Hi and welcome, and I hope you have good luck with the metfartin; I didn't notice any nasty effects when I was on it, but that may have been because I have suffered stomach upsets on and off since my teenage years, so I may not have noticed any effects which did occur. 

As you will have noticed, this is a very friendly forum and a great place for help and advice, or for funny/cute posts in the Entertainment section, or just to have a good rant if you need one!  (We all do sometimes, with all the dumb misinformation spread by Daily Mail types...)


----------



## Northerner (Mar 20, 2016)

Deemure said:


> Hello everyone,
> 
> I'm a newly diagnosed diabetic. I'm about a week in and still very much finding my way. It's all still a bit new and scary.
> 
> ...


Hi Deemure, welcome to the forum  I hope you've had a chance to browse our Useful Links thread where you'll find links to lots of good resources, but if not I'd like to draw your attention in particular to Jennifer's Advice and Maggie Davey's letter which are a very good, concise introduction to diabetes and its management, plus a book that comes highly recommended by many of our members, Type 2 Diabetes: The First Year by Gretchen Becker. These will help you get to grips with things, and if you have any questions, there will always be someone here who can help out - so ask away!


----------



## pat.y (Mar 20, 2016)

Welcome Deemure, I've been type 2 for over 10 years now. I cried when I was first told but you will get to grips with it. Just ask away.


----------



## Deemure (Mar 20, 2016)

Copepod said:


> Welcome to the forum Deemure. Good to hear that metforming isn't causing you problems. It works for lots of people, but people with problems are more likely to post. What information are you looking for?

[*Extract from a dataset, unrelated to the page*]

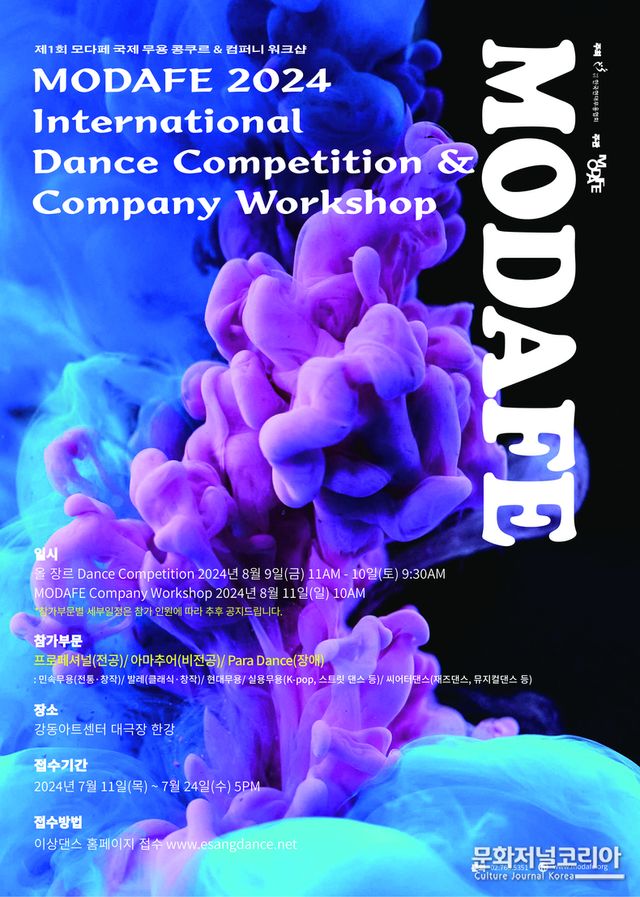 문화저널코리아 오형석 기자| (사)한국현대무용협회(이사장/ 모다페 국제 무용 콩쿠르 조직위원장 : 김형남, 세종 대학교 교수)는 오는 8월 9일(금)부터 11일(일) 총 3일간 강동아트센터 대극장 한강에서 ‘제1회 모다페 국제 무용 콩쿠르 & 컴퍼니 워크샵’을 개최한다.

To be totally honest, I'm not sure. I feel a bit like I've been diagnosed, given tablets and sent on my way. 

I think I experienced my first hypo today as I felt really weird, like I had a head full of cotton wool and felt a bit nauseous too. I felt better after I drank some apple juice. 

I think getting to grips with an appropriate diet and timing of meals is my first priority. I'm just not sure where to start.


----------



## Deemure (Mar 20, 2016)

BobAird said:


> Hi Deemure. I'm also a week in with my diagnosis and know how you feel. So much to take in, plus dealing with everyday life. Everyone on here is great and iv had loads of advice already. Any questions, fire it on here and someone will answer quickly.


Thanks Bob. It's nice to know I'm not alone.


----------



## Deemure (Mar 20, 2016)

Northerner said:


> Hi Deemure, welcome to the forum  I hope you've had a chance to browse our Useful Links thread where you'll find links to lots of good resources, but if not I'd like to draw your attention in particular to Jennifer's Advice and Maggie Davey's letter which are a very good, concise introduction to diabetes and its management, plus a book that comes highly recommended by many of our members, Type 2 Diabetes: The First Year by Gretchen Becker. These will help you get to grips with things, and if you have any questions, there will always be someone here who can help out - so ask away!


Thank you very much for the advice.


----------



## Deemure (Mar 20, 2016)

pat.y said:


> Welcome Deemure, I've been type 2 for over 10 years now. I cried when I was first told but you will get to grips with it. Just ask away.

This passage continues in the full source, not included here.